# Assignment
Among the entries below, extract exactly the lines that run from the one with "range - the" through the one with "Fekete bebújós cicajelmez, füles", both ends included.

# Records shown
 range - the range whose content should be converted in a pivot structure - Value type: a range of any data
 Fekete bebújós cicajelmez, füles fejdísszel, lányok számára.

--

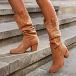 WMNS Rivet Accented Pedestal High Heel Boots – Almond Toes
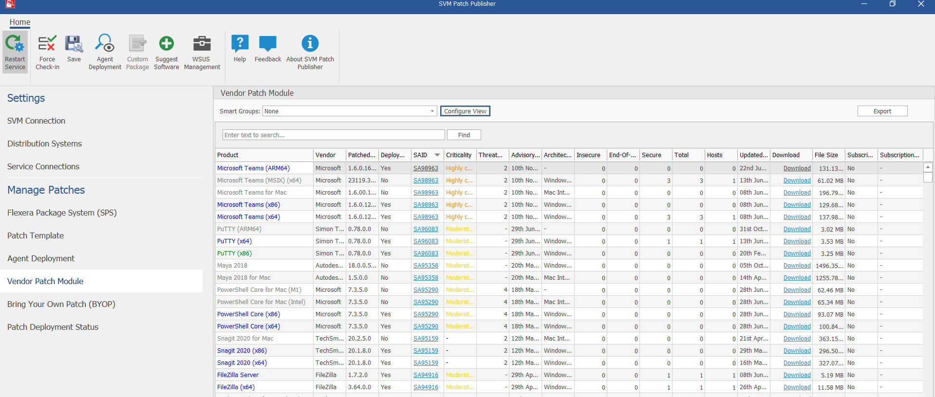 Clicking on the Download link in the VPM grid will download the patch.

# Result
 range - the range whose content should be converted in a pivot structure - Value type: a range of any data
 Fekete bebújós cicajelmez, füles fejdísszel, lányok számára.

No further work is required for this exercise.